However, the existing coaxial cable is too heavy, the breaking force is less than 1500 kg under the condition of meeting the frequency use condition below 200MHz, the integral quality is too high, the condition that a helicopter or a surface naval vessel (including an unmanned vessel) is dragged cannot be met, and the coaxial cable cannot be implemented in underwater detection.
In view of the above-mentioned drawbacks, the present designer is actively making research and innovation to create a lightweight coaxial trailing cable, which has industrial application value.
SUMMERY OF THE UTILITY MODEL
In order to solve the technical problem, the utility model aims at providing a coaxial trailing cable of lightweight.
The utility model discloses a coaxial trailing cable of lightweight, including the conductor, wherein: the coaxial assemblies sequentially comprise an insulating layer, a shielding layer, an inner sheath, an armor layer and an outer sheath from inside to outside, the thickness of the insulating layer is 0.1-1 mm, the thickness of the shielding layer is 0.2-1 mm, the thickness of the inner sheath is 0.3-1 mm, the thickness of the armor layer is 0.5-1 mm, and the thickness of the outer sheath is 1-4 mm.
Further, in the lightweight coaxial trailing cable, the conductor is formed by twisting at least seven copper wires.
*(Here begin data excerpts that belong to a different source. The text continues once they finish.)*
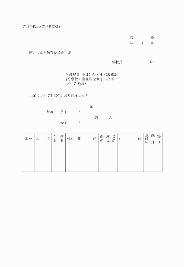 第16条 学校の全課程を修了した者の氏名の通知は、通知書(第17号様式)をもってしなければならない。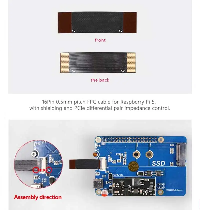 En general, los requisitos de corriente marcados en SSD pueden ser 2,5 A, 2,7 A o incluso 3A, pero esta corriente corresponde al valor máximo del modo PCle X4. Sin embargo, Raspberry Pi 5 solo admite el modo X1. Por lo que la corriente real necesaria es mucho menor. Nuestros diseños satisfacen la mayoría de las necesidades de SSD.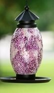 PINK MOSAIC GLASS BIRD FEEDER - 10.5"H 7"W 7"D - GLASS & ALUMINUM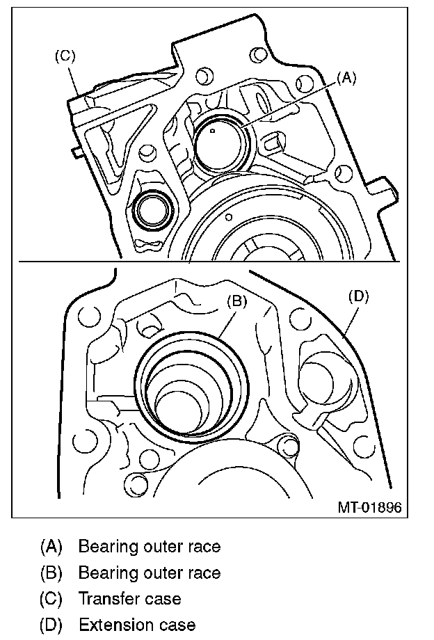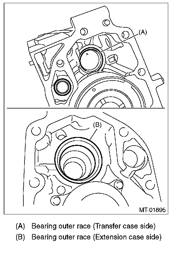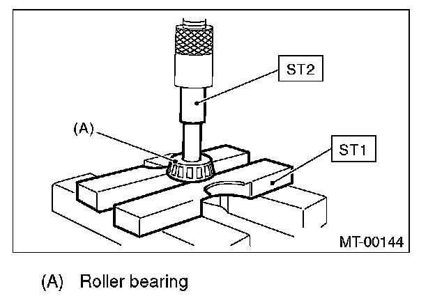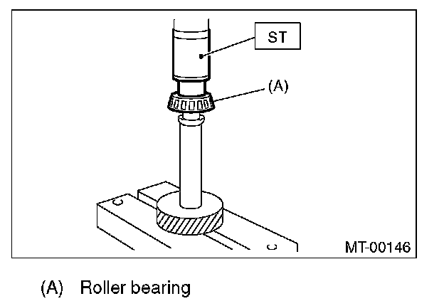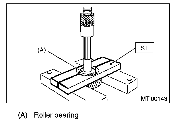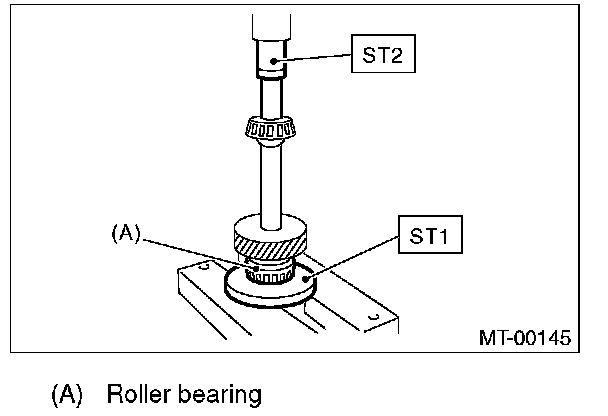 2) Using ST1 and ST2, remove the roller bearing (transfer case side).
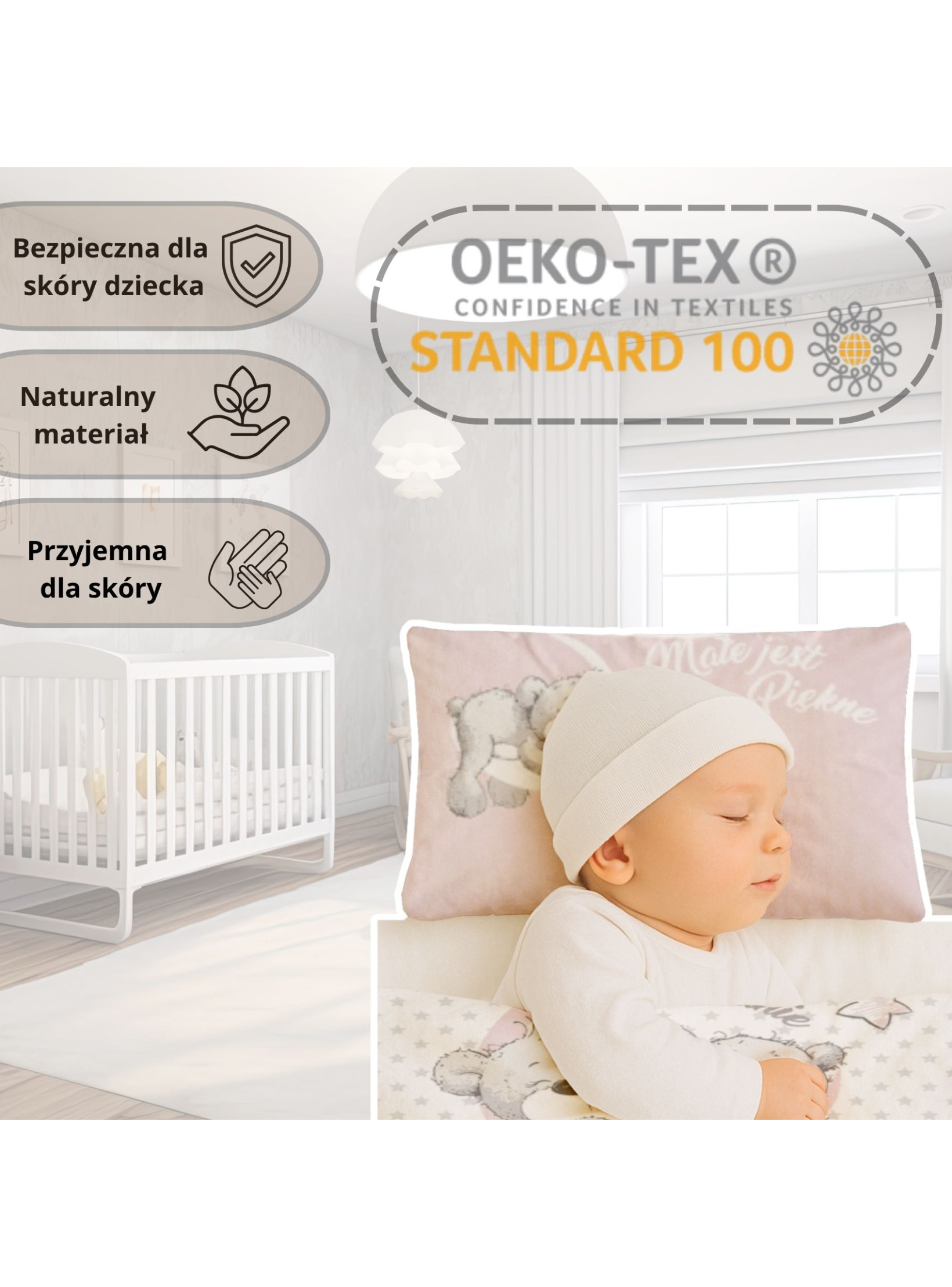 Każdy rodzic pragnie, aby jego maluszek spał spokojnie i bezpiecznie. Nasza pościel dziecięca 90x120 została uszyta z 100% bawełny, która jest miękka, oddychająca i w pełni naturalna. Certyfikat Oeko-Tex Standard 100 potwierdza, że tkanina jest wolna od szkodliwych substancji, dlatego to idealna pościel dla dziecka w jego pierwszych latach życia.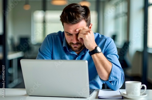 Man in a blue shirt is concentrating on his laptop, stressed and struggling with professional tasks, in a bright, modern office environment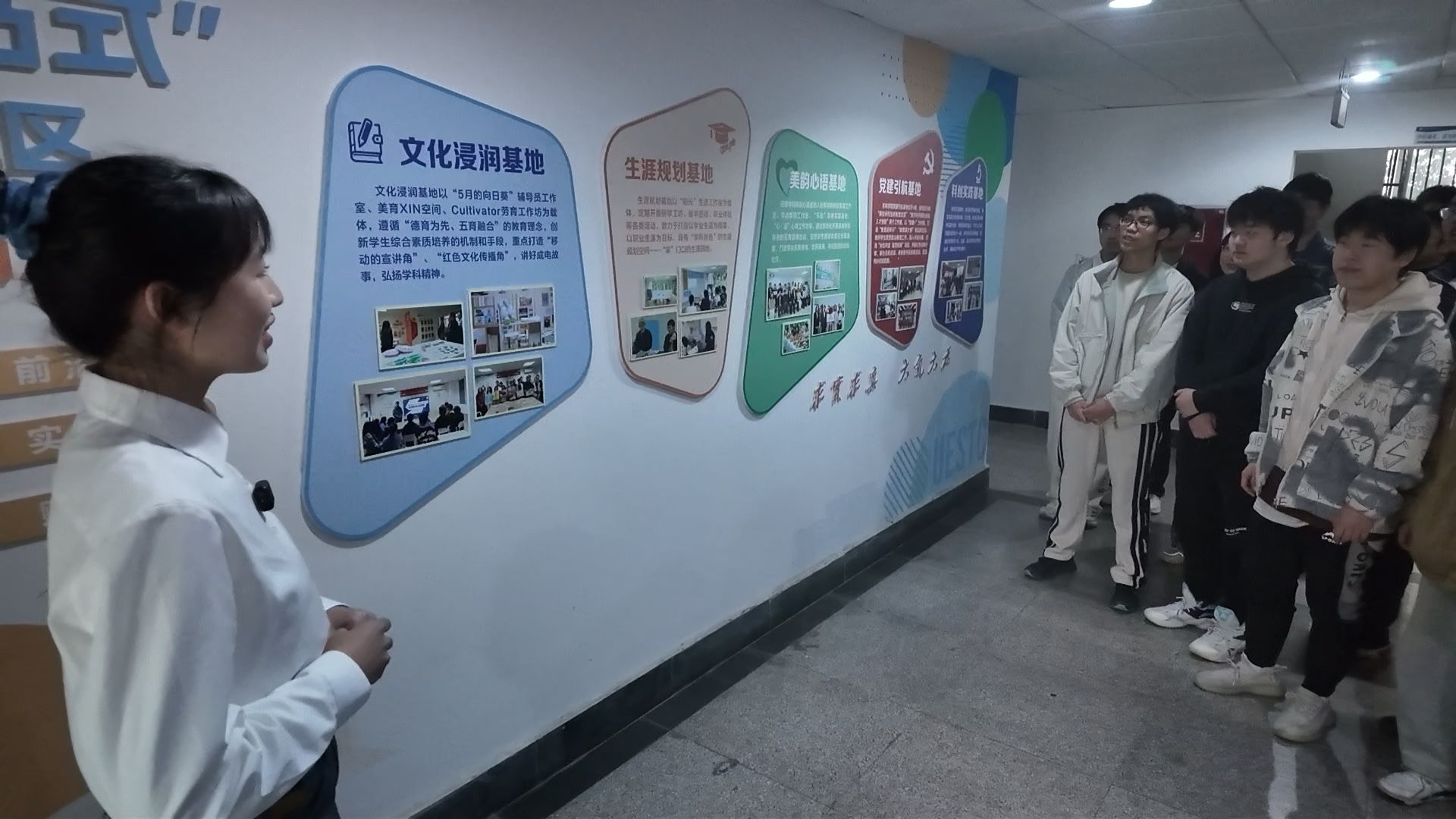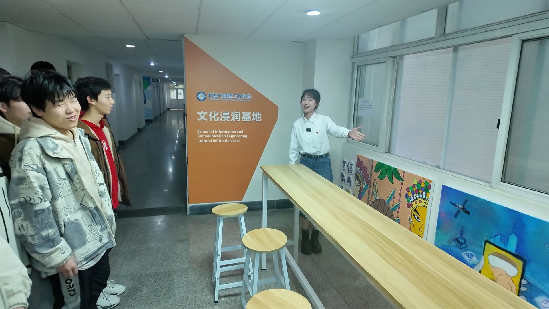 宣讲员成员杨涔可首先解读了“家”门口的文化基站的建设理念。作为校级文化浸润基地,公司立足学科特色,创新构建了“三频共振”特色文化育人体系。红色文化如同穿透力强的低频基底信号,夯实信仰根基;传统文化如同增强共鸣的中频谐波,持续滋养文化自信;学科文化如同能量报表的高频脉冲,激发创新动能。“家”门口的文化基站将这三种信号在宿舍生活区交织共振,形成覆盖同学们成长全周期的文化浸润频谱。

Furthermore, in the lightweight coaxial trailing cable, the insulating layer is one of an epoxy cable adhesive layer, an epoxy resin adhesive layer, an epoxy polyester adhesive layer, and a low density polyethylene layer, or is a multi-layer hybrid structure.
Furthermore, in the lightweight coaxial trailing cable, the shielding layer is formed by weaving tinned copper wires.
Further, in the lightweight coaxial trailing cable, the inner sheath is formed by wrapping a medium density polyethylene layer.
Further, in the lightweight coaxial trailing cable, the armor layer is formed by weaving aramid fibers.
Further, in the lightweight coaxial trailing cable, the outer sheath is formed by wrapping a high-strength polyurethane layer.
Still further, in the lightweight coaxial trailing cable, the thickness of the insulating layer is 0.5mm, the thickness of the shielding layer is 0.5mm, the thickness of the inner sheath is 0.5mm, the thickness of the armor layer is 2mm, and the thickness of the outer sheath is 3 mm.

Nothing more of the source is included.